[Python-ideas] Exposing regular expression bytecode

Wes Turner wes.turner at gmail.com
Mon Feb 15 02:26:02 EST 2016


the new 'regex' module (with a re compatability mode and unicode) may be
the place to find/add more debugging syms

* | PyPI: https://pypi.python.org/pypi/regex
* | Src: https://bitbucket.org/mrabarnett/mrab-regex
On Feb 14, 2016 11:49 PM, "Jonathan Goble" <jcgoble3 at gmail.com> wrote:

> (This was previously sent to python-dev [1], but it was suggested that
> I bring it here first.)
>
> I filed http://bugs.python.org/issue26336 a few days ago, but now I
> think this list might be a better place to get discussion going.
> Basically, I'd like to see the bytecode of a compiled regex object
> exposed as a public (probably read-only) attribute of the object.
>
> Currently, although compiled in pure Python through modules
> sre_compile and sre_parse, the list of opcodes is then passed into C
> and copied into an array in a C struct, without being publicly exposed
> in any way. The only way for a user to get an internal representation
> of the regex is the re.DEBUG flag, which only produces an intermediate
> representation rather than the actual bytecode and only goes to
> stdout, which makes it useless for someone who wants to examine it
> programmatically.
>
> I'm sure others can think of other potential use cases for this, but
> one in particular would be that someone could write a debugger that
> can allow a user to step through a regex one opcode at a time to see
> exactly where it is failing.
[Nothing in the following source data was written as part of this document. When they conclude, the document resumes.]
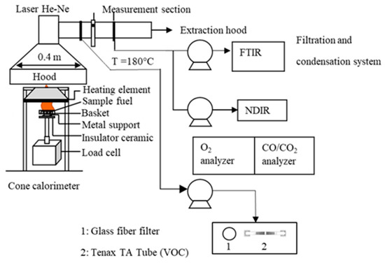 The exhaust gases of combustion were sampled from the exhaust ducts of the cone calorimeter and passed through four different measurement systems. The first measurement system consists of an Antaris Industrial Gas System (IGS) FTIR-based analyser from Thermo Fisher Scientific. The FTIR spectrometer obtained the molar fractions of CO2, CO, CH4, NO, NO2, NH3, C2H6, C2H4, C2H2, C3H8, C3H6, C4H6, C6H6, HCHO, CH3CHO, SO2 and H2O. A filter removing the aerosols (0.45 µm pores) was placed before the gas cell and the sampling line and was heated at 180 °C to avoid condensation. The spectrometer was equipped with an MCT-A detector and a gas cell measurement with a volume of 0.2 L and an optical path length of 2 m. IR spectra were recorded in the spectral range of 4500–550 cm−1 with a 0.5 cm−1 resolution. The flow rate of the sampling pump was adjusted to 3.5 L/min. The identification of the compounds by FTIR was carried out from a bank in which the products resulting from the combustion are listed. Calibration verification is performed once a year by a maintenance engineer from Thermo Fisher. The second measurement system consists of non-dispersive infrared (NDIR) spectroscopy. This apparatus was used to quantify continuously CO and CO2. Each day of analysis, NDIR analysers were calibrated with two points of measurement. The first point corresponds to a gas without CO and CO2. For this, almost pure N2 (99.995% i.e., 4.5) was used. For the second point, a mixture containing 2500 ppm of CO and 8% CO2 was used. These measurements performed a double check on the CO and CO2 data recorded by the FTIR. The third system is an automatic thermal desorption gas chromatography–mass spectrometry apparatus (DTA/GC/MS) for VOC identification and quantification. A sample pump with a flow rate of 1.4 L/min was used to collect VOCs with Tenax tubes (Supelco®, Saint-Quentin-Fallavier, France). Upstream of the pump, glass fibre filters, type A/E (DOP efficiency is 99.98% at 0.3 µm), were used to prevent aerosol from penetrating the Tenax TA tube. Since the sampling took place in the smoke extraction pipe, where the flow rate was 24 L/s, a multiplicative factor of 720 was used to calculate the emission factors. At least three tests were carried out to ensure reproducibility for each slab. The Tenax TA sorbent tubes used for the analyses had the following dimensions: 115 mm × 6 mm outer diameter (o.d.) × 4 mm inner diameter (i.d.), in order to capture the organic compounds (C5-C30). The analyses were performed by thermal desorption using the DTA-GC/MS. It should be noted that sorbent tubes have previously been used in other studies for sampling VOCs and SVOCs [32,33] before GC/MS analysis.
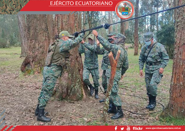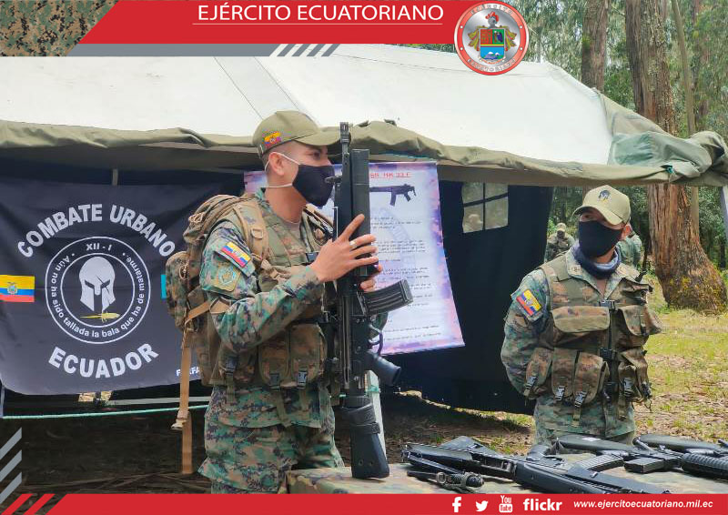 Instructores de la Compañía de Combate Urbano del Batallón de Infantería Motorizado N.° 38 Ambato, imparten instrucción de conocimiento del fusil HK 33E, antimotines, cuerdas y...
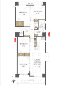 | 専有面積 | 壁芯 93.32㎡ | 所在階 | 14階建/3階部分 |
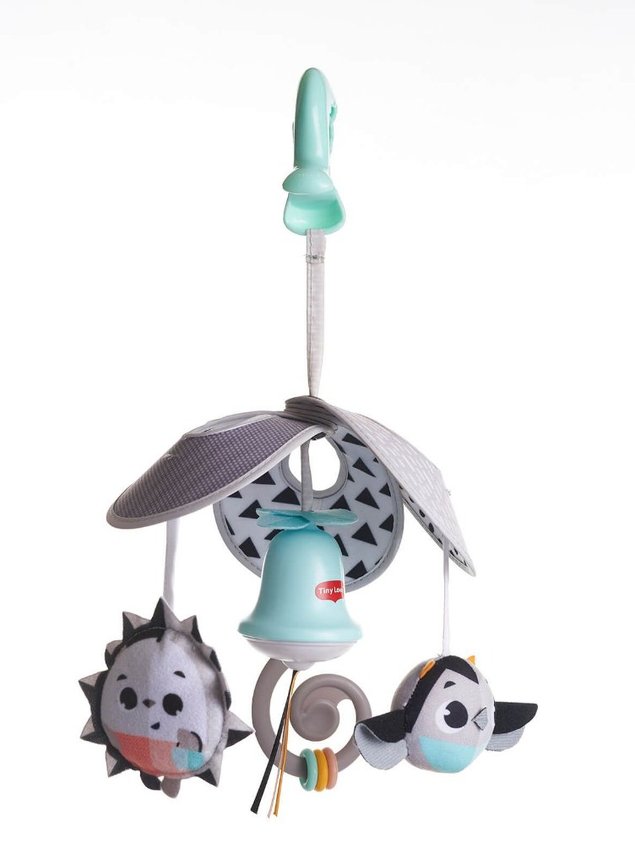 Móbile dobrável com som de sinos de vento, chocalho e espelho. Perfeito para prenderno carrinho ou moisés durante os passeios. Fácil de dobrar para levar aonde quiser.
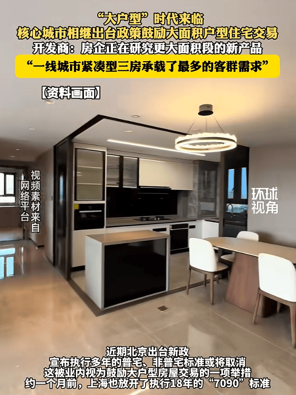 从去年开始,多座城市放开大户型住宅限购,随即大户型房产交易激增,改善型三房产品供应跃升成为新房市场主力。
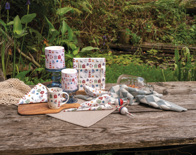 De serie "Nautical items" is subtiel en praktisch en biedt een breed scala aan producten die perfect in uw winkel passen en uw klanten direct het perfecte vakantiegevoel bezorgen. Uiteraard bevat de collectie papieren servetten in lunch- en cocktailformaat, kaarsen in twee maten, theedoeken, een klein dienblad, dubbelwandige theeglazen met een inhoud van 0,25 liter en mokken van 0,2 en 0,4 liter.
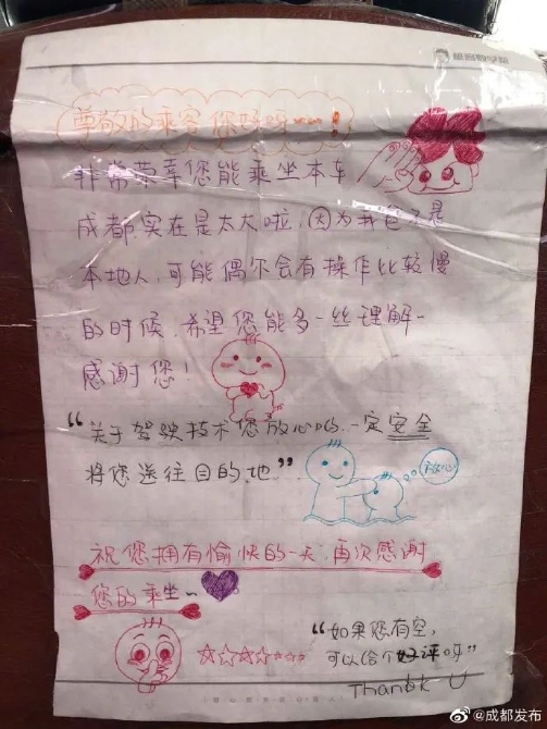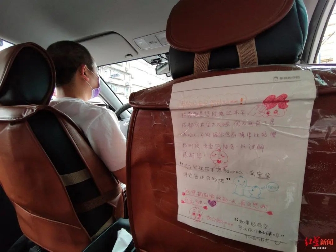 那张纸条就在副驾座后背上,用好几排透明胶贴得严严实实。字迹看得出很稚嫩,但一笔一画,写得十分整齐。短短100余字,还配有4幅小插画,用了5种颜色的笔。那4幅小插画,分别配合着文字,画的敬礼、比心、摸头、点赞。
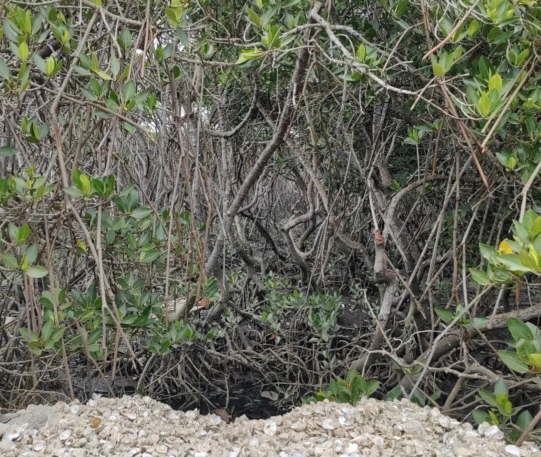 村头生蚝壳堆出来了一个小操场,这个操场的面积应该还会日复一日的增加,推搡着红树林的生长空间,并有排放的污水,丢弃的垃圾散发出腥热恶臭,而作为“海岸卫士”红树林却依然维持自己的生机勃勃,真是神奇。
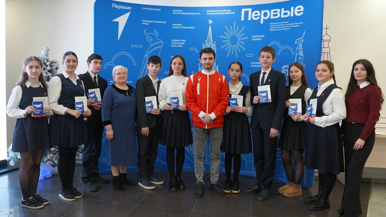 В преддверии празднования Нового 2026 года на базе Штаба общественной поддержки «Единой России» учащиеся 8 «А» и 8«Б» классов приняли участие в торжественном вручении паспортов. Мероприятие было подготовлено и проведено региональным отделением Движения Первых РСО-Алания в рамках Всероссийского проекта «Мы — граждане России»
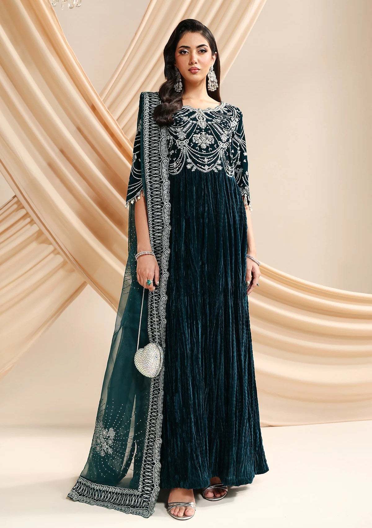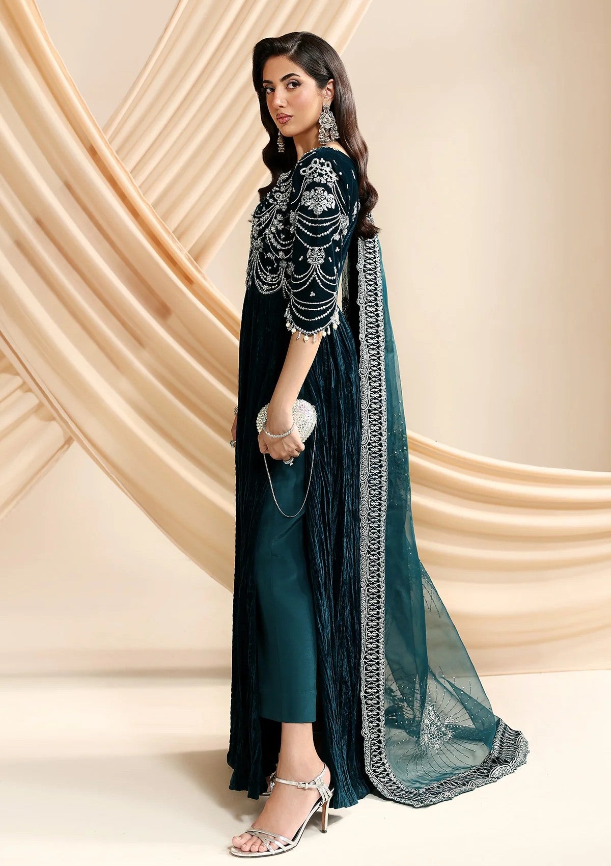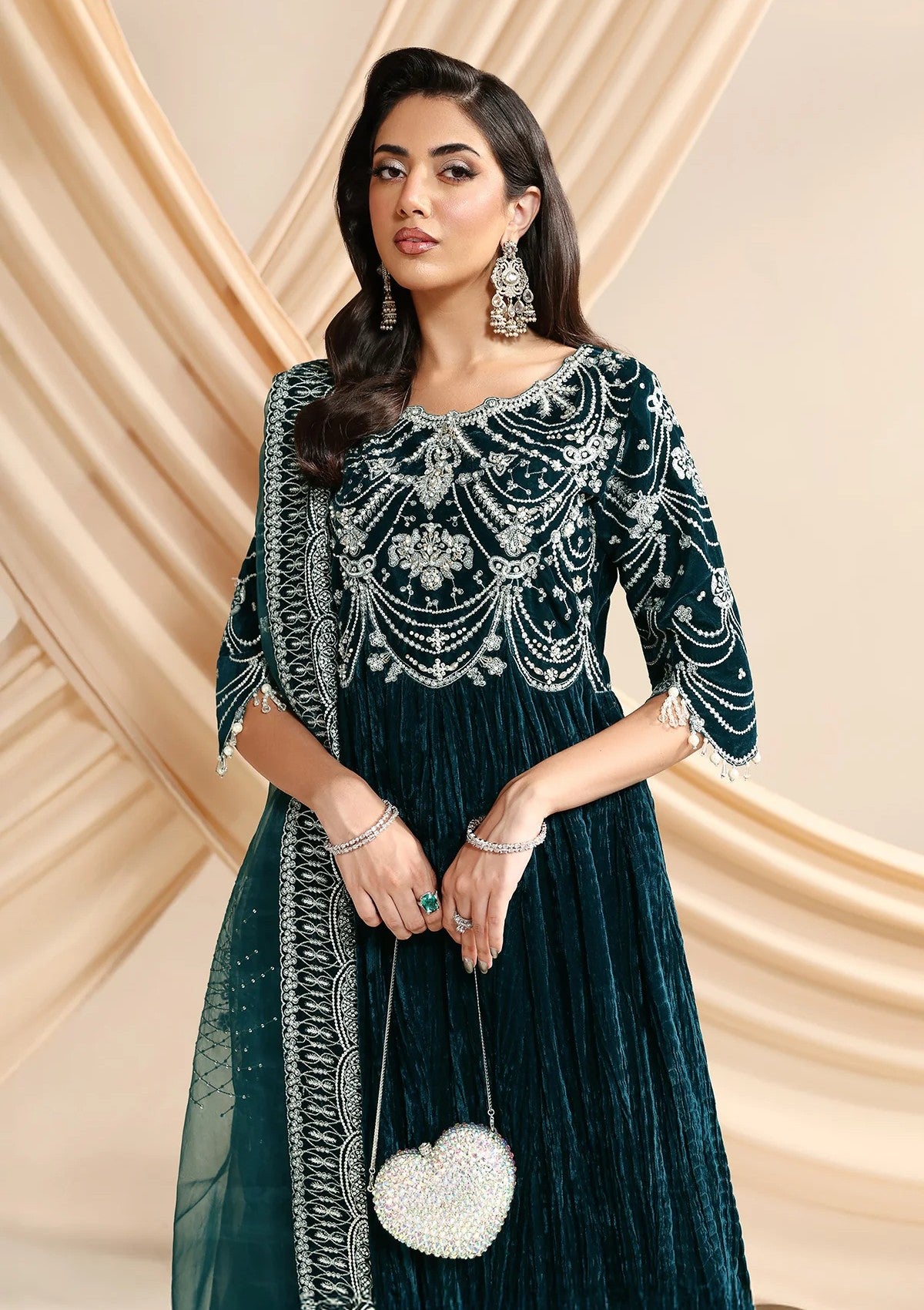 Rendered in a deep teal hue, this ensemble features a hand-embellished front yoke on velvet with detailed embroidery and handmade work. The design is paired with a dyed crush velvet front and a dyed Russian silk trouser, complemented by an embroidered organza dupatta framed with intricate borders. The long flared silhouette lends a refined and elegant finish to the outfit.
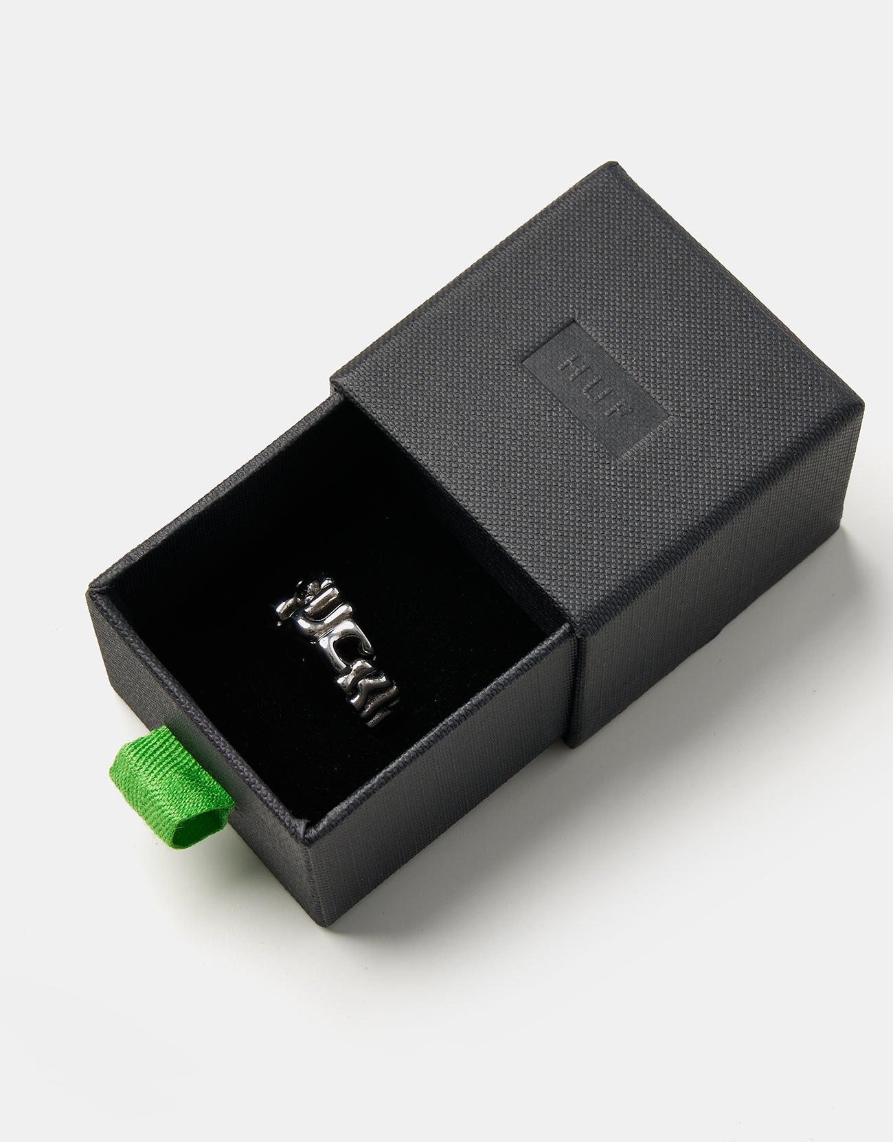The HUF Fuck It Warped Ring in Silver is a bold and edgy accessory that embodies a carefree attitude. Crafted from high-quality metal with a striking warped design, this ring features the iconic "Fuck It" engraving that boldly expresses a rebellious spirit. Its unique shape ensures a comfortable fit while making a statement, perfect for those who embrace individuality and self-expression. Ideal for everyday wear or as an eye-catching piece for special occasions, this ring is a must-have for fashion-forward individuals.
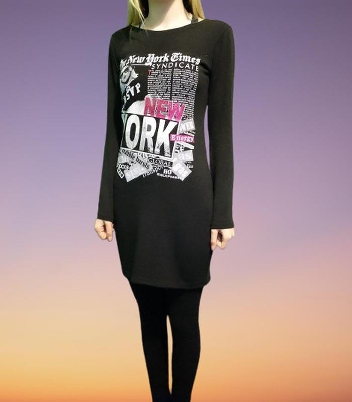 Сукня жіноча чорного кольору з малюнком.Розмір 1 підійде на S і M.Заміри: довжина -77 см,н.о.бюст-39( тягнеться до 50 см), н.о.талія-35( тягнеться до 43 см), довжина рукава -54 см.
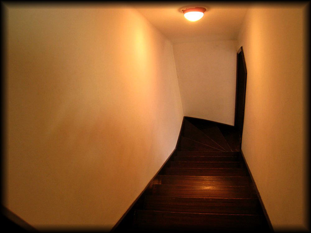 塔屋部分に上がる階段。木の香り漂う空間でした。白い壁との対比も美しい。
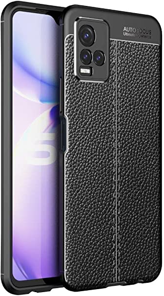 For Vivo Y33s 4G, Original Leather Pattern Back Case Cover Carbon Fiber Litchi Shockproof From CompuMisr - Black
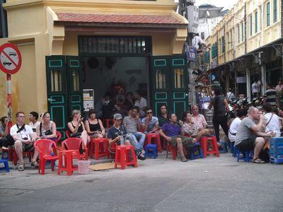 | Mais Hanoi c est aussi une ambiance tres sympa. On peut boire des bieres et deguster les produits locaux sur des petites terrasses improvisees sur les trottoirs avec des tabourets en plastique. La "Bia Hoi" est a 5000 dongs (soit 20 centimes d'euros) le verre! Ce qui nous a permis de bien nous empreigner du coup de cette biere brassee! |

It would also perhaps be nice to have a
> public constructor for the regex object type, which would enable users
> to modify the bytecode and directly create a new regex object from it,
> similar to what is currently possible for function bytecode through
> the types.FunctionType and types.CodeType constructors. This would
> make possible things such as optimizers.
>
> In addition to exposing the code in a public attribute, a helper
> module written in Python similar to the dis module (which is for
> Python's own bytecode) would be very helpful, allowing the code to be
> easily disassembled and examined at a higher level.
>
> Is this a good idea, or am I barking up the wrong tree? I think it's a
> great idea, but I'm open to being told this is a horrible idea. :) I
> welcome any and all comments both here and on the bug tracker.